He denounced both the Blair and Brown governments for not limiting immigration from new EU members after 2004, and stressed that those who criticized immigration could not be dismissed as “bigots” – a cutting criticism of his former boss Gordon Brown, notoriously recorded referring to a lifelong Labour voter in those endearing terms. He carefully made technically feasible promises to curb the numbers of immigrants, through employment law reform and better training for British workers – and promised to control immigration from any new EU members.

Technically feasible, but are they politically believable? Is there a scintilla of sincerity behind this speech that will earn him the hatred of the further Left?

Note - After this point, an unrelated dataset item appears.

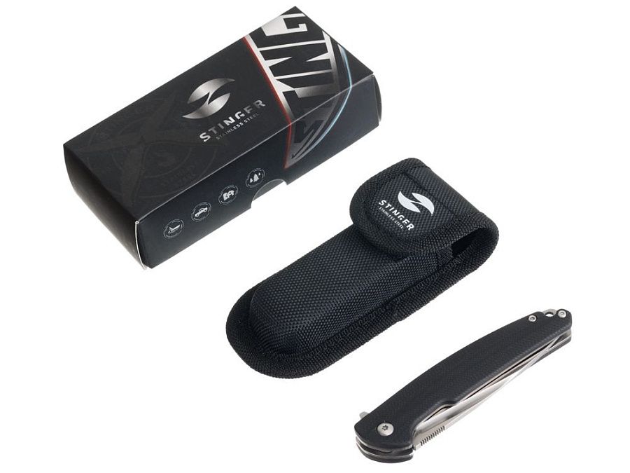 НОЖ СКЛАДНОЙ STINGER Повседневный складной нож из высококачественных материалов, идеально подойдет для решения большинства задач. Рукоять ножа изготовлена из стали с накладками из стеклотекстолита G10 - композитного материала на основе стеклоткани и эпоксидной смолы. G10 является прочным и ударостойким материалом, отлично переносит влагу, отличается повышенной стойкостью к огню. Рукоять ножа собрана на втулках - “бонках”, поэтому при необходимости его можно легко промыть. На рукояти расположено отверстие для темляка и клипса для удобного размещения ножа в кармане. Нож открывается при помощи флиппера с ассистом (механизм ускоренного открывания), который может дополнительно выполнять роль гарды, предотвращая соскальзывание руки на лезвие клинка. На верхней части лезвия расположен подпальцевый упор с насечкой для более комфортной работы. Клинок ножа произведен из высокоуглеродистой стали D2, которая пользуется большой популярностью в ножевой индустрии из-за исключительных технических и эксплуатационных параметров. Высокое содержание хрома (11%) и углерода (1,5%) в составе повышают коррозионную стойкость и ударную вязкость сплава, делают его достаточно твердым. D2 имеет твердость по шкале Роквелла в диапазоне 59-61 HRC, что делает ее одной из самых твердых сталей для ножей и позволяет лезвию держать остроту длительный период времени даже при интенсивном использовании. D2 отличается высокой прочностью, устойчивостью к износу и разрушению, что позволяет клинку выдерживать удары и нагрузки. Благодаря высокой твердости и прочности клинок из стали D2 имеет долгий срок службы, обеспечивает качественный и точный срез и не требует частой заточки. Характеристики: Материал клинка: высокоуглеродистая сталь D2 Твердость по шкале Роквелла: 59-61 HRC Материал рукояти: нержавеющая сталь/стеклотекстолит G10 Метод открывания клинка: флиппер с ассистом (механизм ускоренного открывания) Фиксатор клинка: Liner Lock Длина ножа: 187 мм Длина клинка: 81 мм Толщина клинка: 4 мм Вес: 100 г Цвет рукояти: черный Особенности: рукоять с клипом и отверстием под темляк В комплекте: нейлоновый чехол

Labour’s record on immigration since at least the 1960s does not inspire confidence, to put it charitably. Furthermore, the Conservative immigration minister today observed that under Miliband’s leadership Labour has opposed even this government’s quarter-hearted attempts at immigration limitation, and Migration Watch’s Sir Andrew Green has pointed out that between 1997 and 2010 only one in five immigrants came from the EU anyway.

So even if Miliband were entirely sincere, and took that policy into10 Downing Street, could he make much difference? The remedies, if there are remedies, are much more radical, and would be played out partly in Brussels and on the floor of the UN General Assembly. As things are, the chances of Miliband, or for that matter Cameron, facing down the combined forces of big business and big PC seem vanishingly small.